*** Begin section ***

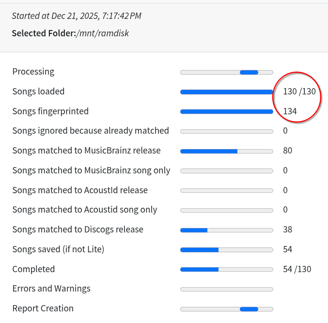 I figured I’d have a go at running SK at a few albums that have not been through Picard to check whether it’d replace Picard entirely (I think the answer is yes, particularly if it consults MusicBrainz if it does not find an album in Albunack).
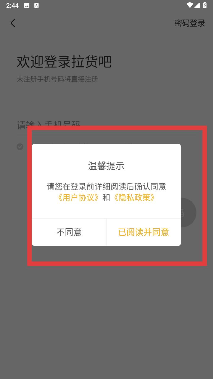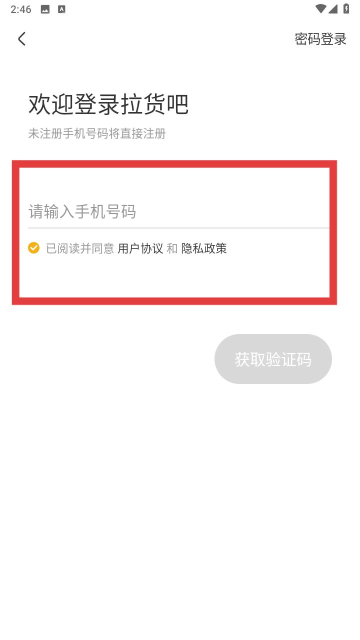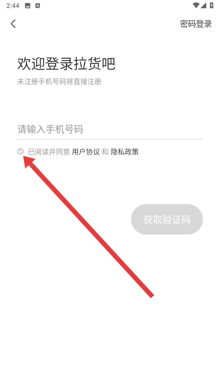 1、打開拉貨吧APP登錄界面,需要先點擊已閱讀并同意用戶協(xié)議和隱私政策勾選框,才能方便后續(xù)的登錄操作。
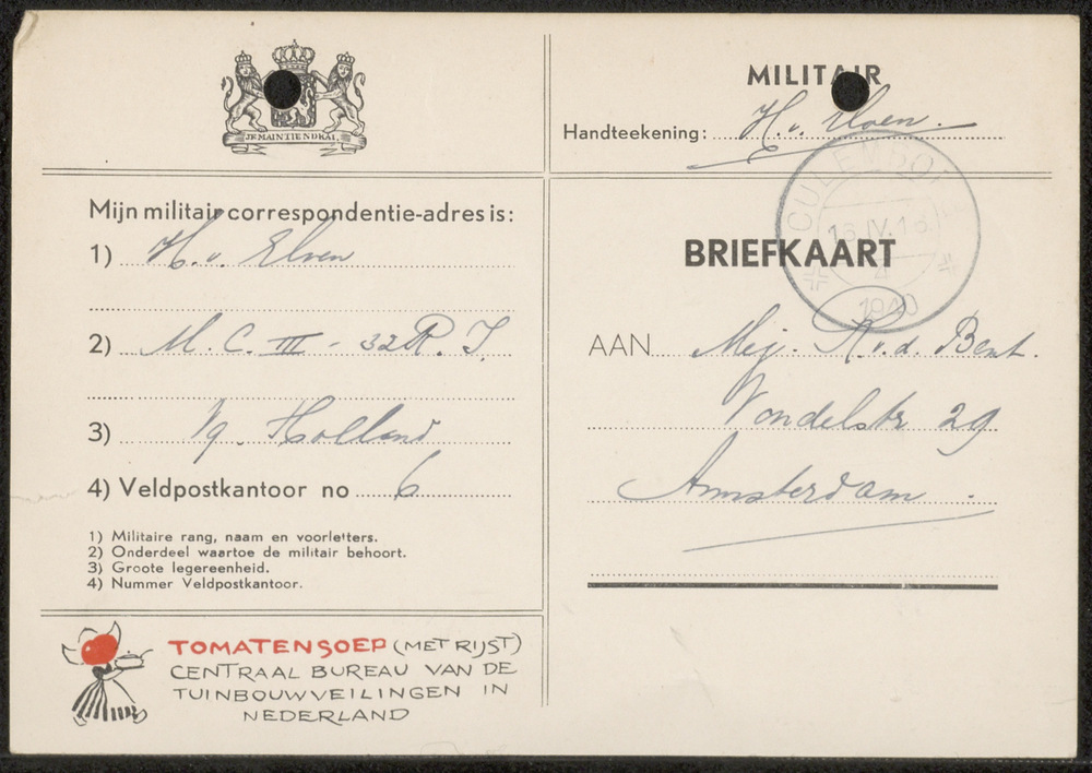 Vel, doorslag: "Landgenooten, woonende in alle delen...

*** End section ***

» Exercise brief
Retype verbatim only the lines beginning with the line that contains "1、打開拉貨吧APP登錄界面" and ending with the last line of the listing above; pictures are to be excluded.

» The completed task
 1、打開拉貨吧APP登錄界面,需要先點擊已閱讀并同意用戶協(xié)議和隱私政策勾選框,才能方便后續(xù)的登錄操作。
 Vel, doorslag: "Landgenooten, woonende in alle delen...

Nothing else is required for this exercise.